Quantification software packages and tools for qPCR. Listed are software packages and tools capable of performing quantification analysis. The Cq column was ticked if the tool is able to perform Cq calculation from raw fluorescence data. If the tool is able to calculate amplification efficiencies (based on dilution series or on raw fluorescence data) the appropriate column was ticked. Tools are marked for absolute quantification (Abs quant) if they are able to output absolute quantification values. In order to qualify for relative quantification (Rel quant) fold change values after relative quantification need to be returned. Error propagation denotes that ability of the tool to propagate the error throughout the various analysis steps. The normalization column was ticked if the tool implements one or several normalization techniques (not limited to normalization to reference genes). NA handling describes the possibility to deal with missing values after initial Cq calculation. Graphs were checked if the tools included methods for graphical (quantification) result presentation.
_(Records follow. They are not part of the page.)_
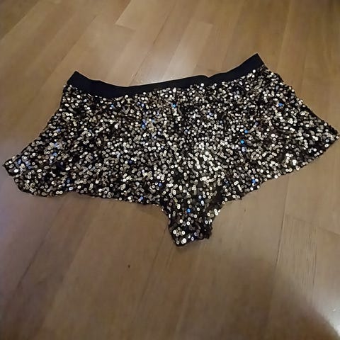 Myydän kerran käytetyt mustat juhlahousut, paljetti. Levenevät lahkeet.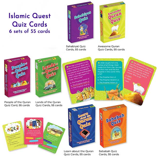 Get the full Islamic Quest Quiz Cards, 6 quiz sets of 55 cards each, with insightful multiple-choice questions on fascinating topics, perfect for the classroom, holidays or simply playing at home with your friends and family!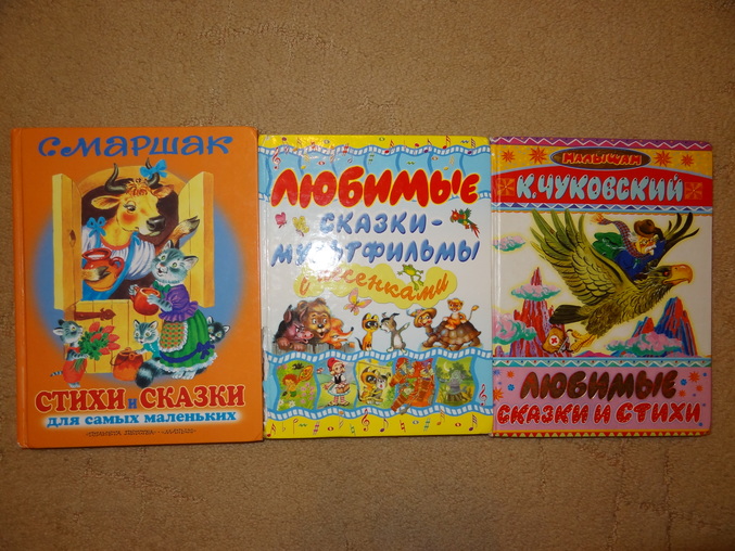 Остальные 2 книги: Сказки -мультфильмы и Чуковский зачитаны (они были самые любимые),но в целом все прилично...у мультов переплет пострадал и внутри странички скотчем заклеивала (старалась аккуратно),у Чуковского тоже внутри заклеивала...)

Statistics was ticked, if the tool includes methods for statistical analysis or direct calls to underlying statistical frameworks after obtaining quantification or normalization results.
Tool | Cq | Efficiency | Abs quant | Rel quant | Error propagation | Normalization | NA handling | Graphs | Statistics | Compliant with MIQE recommendations a |
---|---|---|---|---|---|---|---|---|---|---|
CAmpER | + | + | − | + | − | − | − | + | − | − |
chipPCR | + | + | − | − | − | − | + | + | − | + |
Cy0 Method | + | − | − | − | − | − | − | − | − | + |
DART-PCR | + | − | − | + | − | + | − | + | − | − |
ddCT | − | − | − | + | − | + b , c | − | + | + | + |
Deconvolution | − | − | + | − | − | − | − | − | − | + |
dpcR | − | − | + | − | − | − | + | + | + | + |
EasyqpcR | − | + | − | + | − | + b , c | + | − | − | + |
HTqPCR | − | − | − | + | − | + b | + | + | + | − |
FPK-PCR | + | + | − | − | − | − | − | − | − | − |
LinRegPCR | + | + | + | − | − | − | − | + | − | + |
LRE Analysis | − | − | + | − | − | − | − | − | − | + |
LRE Analyzer (lreqcpr) | − | − | + | − | − | − | − | + | − | + |
MAKERGAUL | + | − | + d | − | − | − | − | − | − | + |
NormqPCR | − | − | − | + | − | + b , c | + | − | − | + |
PCR-Miner | + | + | − | − | − | − | − | − | − | + |
pyQPCR | − | + | − | + | + | + b , c | + | + | − | + |
qBase | − | − | − | + | + | + b , c | + | + | + | + |
qCalculator | − | + | − | + | − | + c | + | + | − | − |
QPCR | + | + | − | + | + | + b , c | + | + | + | + |
qpcR | + | + | + | + | + | + b , c | + | + | − | + |
qPCR-DAMS | − | − | + | + | − | + b , c | + | − | − | + |
qpcrNorm | − | − | − | − | − | + b | − | + | + | − |
REST | − | − | − | + | + | + b , c | − | + | + | + |
SARS | − | − | − | + | − | + b , c | − | − | + | + |
SASqPCR | − | + | − | + | − | + b , c | − | − | + | + |
a MIQE compliant: rel quant → includes PCR efficiency, normalization against multiple reference genes.